In testing, if your software has 100 features that might interact pairwise, you have 4,950 potential interactions to test. Adding 10 more features doesn't add 10 tests — it adds 1,045 new pairs.
Von Mises knew this, which is why he kept making the bet. It wasn't about the money. It was about demonstrating that even smart people — mathematicians, physicists, the dinner-party elite of wartime Istanbul — carry a blind spot so fundamental that they'll bet real money on the wrong side of it.
The birthday problem is a calibration test for your intuition. And almost everyone fails it the first time. That's not a character flaw. It's a feature of the hardware. The fix is what it always is in mathematics: stop trusting the gut. Do the multiplication.
Notes
- The story is a dramatization, but von Mises did publish the birthday problem in 1939. Richard von Mises, "Über Aufteilungs- und Besetzungswahrscheinlichkeiten," Revue de la Faculté des Sciences de l'Université d'Istanbul, 1939. He was indeed in Istanbul, having fled Germany in 1933.
- The exact value to 10 decimal places is 0.5072972343. For those who want to check: you can compute this in Python with
from math import prod; 1 - prod((365-i)/365 for i in range(23)). - At 100 people, P(no match) ≈ 3.07 × 10⁻⁸. For comparison, 2⁻²⁵ ≈ 2.98 × 10⁻⁸. The analogy is almost exact.
- Antoine Joux, "Multicollisions in Iterated Hash Functions," CRYPTO 2004. The birthday attack concept predates Joux — it was well-known by the 1970s — but Joux showed how to generalize it to devastating effect.
- This is why SHA-256 replaced MD5 (128-bit) and why SHA-3 was developed. The birthday bound of SHA-256 is 2¹²⁸ ≈ 3.4 × 10³⁸, which is beyond any conceivable computation.
- Marc Stevens et al., "The First Collision for Full SHA-1," CRYPTO 2017. Google and CWI Amsterdam spent about 6,500 CPU-years and 110 GPU-years on the attack. The result: two different PDFs with the same SHA-1 hash.
- Kathryn Troyer, "A Nine STR Locus Match Between Two Apparently Unrelated Individuals Using AmpFℓSTR Profiler Plus and COfiler," presented at the Promega Genetic Identity Conference, 2001. This case sparked the "Arizona DNA Database Controversy."
- The National Research Council addressed this in their 2009 report, Strengthening Forensic Science in the United States: A Path Forward.
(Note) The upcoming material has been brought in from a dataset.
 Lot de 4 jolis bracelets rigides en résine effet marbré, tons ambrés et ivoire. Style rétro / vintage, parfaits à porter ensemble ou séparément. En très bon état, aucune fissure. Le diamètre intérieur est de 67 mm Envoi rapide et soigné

The debate between "random match probability" and "database match probability" remains one of the most contentious in forensic science.
- Technically 253. The exact calculation: (364/365)²⁵² = 0.5005, so 252 people gives you just under 50%, and 253 pushes you over. Von Mises himself posed this version of the problem.
- Frederick P. Brooks Jr., The Mythical Man-Month, 1975. "Adding manpower to a late software project makes it later." The quadratic communication overhead is the mathematical backbone of the claim.